**TASK:** Only one span of the material below is wanted. Output it exactly, from the line with "Minimálna cena objednávky" through the line with "Typified by bold", without any pictures.

---- DATASET EXCERPTS

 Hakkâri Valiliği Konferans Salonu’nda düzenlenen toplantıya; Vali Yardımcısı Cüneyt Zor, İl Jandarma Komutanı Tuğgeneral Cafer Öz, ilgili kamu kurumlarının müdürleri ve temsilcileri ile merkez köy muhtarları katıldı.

--------
---- DATASET EXCERPTS

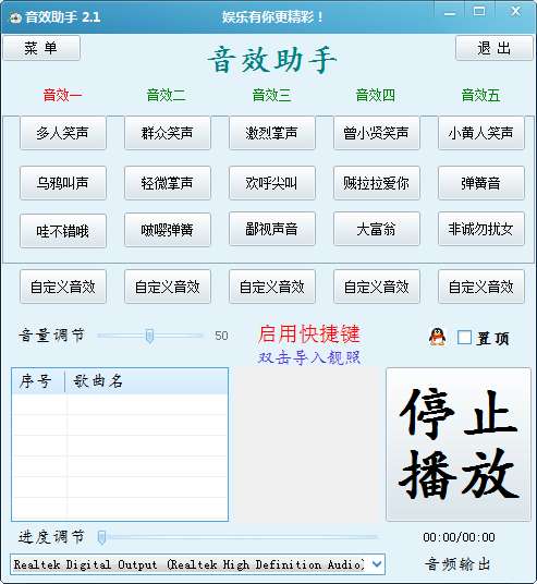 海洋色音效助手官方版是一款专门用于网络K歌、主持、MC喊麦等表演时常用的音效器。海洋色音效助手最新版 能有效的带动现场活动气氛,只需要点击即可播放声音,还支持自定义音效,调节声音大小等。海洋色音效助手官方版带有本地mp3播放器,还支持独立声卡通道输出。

--------
---- DATASET EXCERPTS

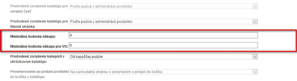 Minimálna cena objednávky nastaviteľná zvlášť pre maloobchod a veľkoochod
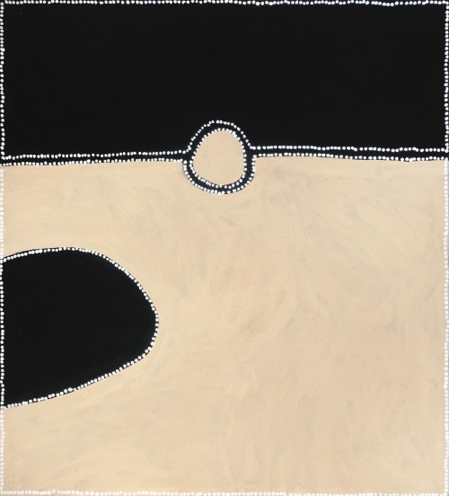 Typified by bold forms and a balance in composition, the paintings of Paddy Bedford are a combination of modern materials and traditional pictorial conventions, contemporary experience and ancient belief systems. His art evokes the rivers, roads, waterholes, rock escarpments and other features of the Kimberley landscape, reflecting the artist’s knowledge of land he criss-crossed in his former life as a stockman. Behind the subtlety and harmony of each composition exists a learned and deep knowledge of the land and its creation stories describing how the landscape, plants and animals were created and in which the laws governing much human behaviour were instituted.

--------

**WRITTEN REPLY:**
 Minimálna cena objednávky nastaviteľná zvlášť pre maloobchod a veľkoochod
 Typified by bold forms and a balance in composition, the paintings of Paddy Bedford are a combination of modern materials and traditional pictorial conventions, contemporary experience and ancient belief systems. His art evokes the rivers, roads, waterholes, rock escarpments and other features of the Kimberley landscape, reflecting the artist’s knowledge of land he criss-crossed in his former life as a stockman. Behind the subtlety and harmony of each composition exists a learned and deep knowledge of the land and its creation stories describing how the landscape, plants and animals were created and in which the laws governing much human behaviour were instituted.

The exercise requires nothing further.